You want to sell your own piece of digital art, let’s make some money with NFT, shall we? Before you go all gaga, you should know that while the marketplaces will allow you to create an NFT for free, there is again that unpleasant ‘gas’ fee involved if you are looking to sell it in most of the marketplaces (and obviously you want to sell it because why else will you want to make it). Unfortunately for you, even paying this fee does not give one hundred percent guarantee that your transfer will be successful. I know, what a shame. Do you at least get your money back if it doesn’t go through? No. Oops.

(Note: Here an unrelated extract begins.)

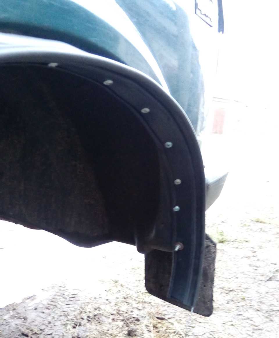 Поставил себе проставки для лучшей устойчивости, да и резина шире штатной… короче, торчат колёса за арки … машина как чушка постоянно — сам себя забрызгиваю влёт. Ставил просто расширители из ленты МБС резины 5 мм. — стрёмно вообще, резина волнами идёт, под неё грязь залетает, постоянно потёки… Думал с пластика поставить — да пластик ломается, не раз видел у друзей/знакомых, только где зацепил — всё, кирдык, сразу треснул.

However, I do have two words that will make you happy — ‘lazy minting’. This basically means that the NFT is not actually saved in the blockchain as long as it has not been bought. At the time of purchase the fee is deducted from the transaction. Isn’t that a relief! Marketplaces OpenSea and Rarible both use this ‘lazy minting’ technique.
Next step is to select a marketplace to create and sell your NFT. You are risk averse and don’t want your money lost in transactions (obviously!). You also do not want to end up in a situation where you have spent money to set up your NFT that no one eventually buys! So now your choices are down to OpenSea and Rarible. However, OpenSea has a one time fee (between 200 and 300 dollars) to set up your account and Rarible does not. Rarible has a fee (between 20 and 30 dollars) if you try to remove your NFT from sale. Rarible seems like the safest and cheapest option to you. But wait — there is no free lunch in life. Both these marketplaces will take a certain percentage of the money you make (which is only fair, right?)
Let’s say you have chosen Rarible. Next you will have to create your crypto wallet to this marketplace. If you don’t already have one, hurry! Once your crypto wallet is created you simply need to upload your file (that you want to make an NFT of) and basically wait for someone to fall in love with your art. I wish you all the very best.
That’s it! Was nice meeting you! See you later!
The Washington Post published an article titled, ‘Will NFTs transform the art world? Are they even art?’. Among many things, NFTs have provided an even playing field for artists. Anyone with talent can put up their art and profit from it. So to The Post, I say ‘yes, and yes’. What a bunch of snooty people. There is no reason why art can’t be digital. Some might argue ‘you can’t touch it’. Well, you can’t touch the Mona Lisa either, yet here we are. In case I haven’t been successful in answering all your questions about NFT, worry not. Even NFT experts don’t have it all figured out. It is a budding concept at its nascent stages. You will get there!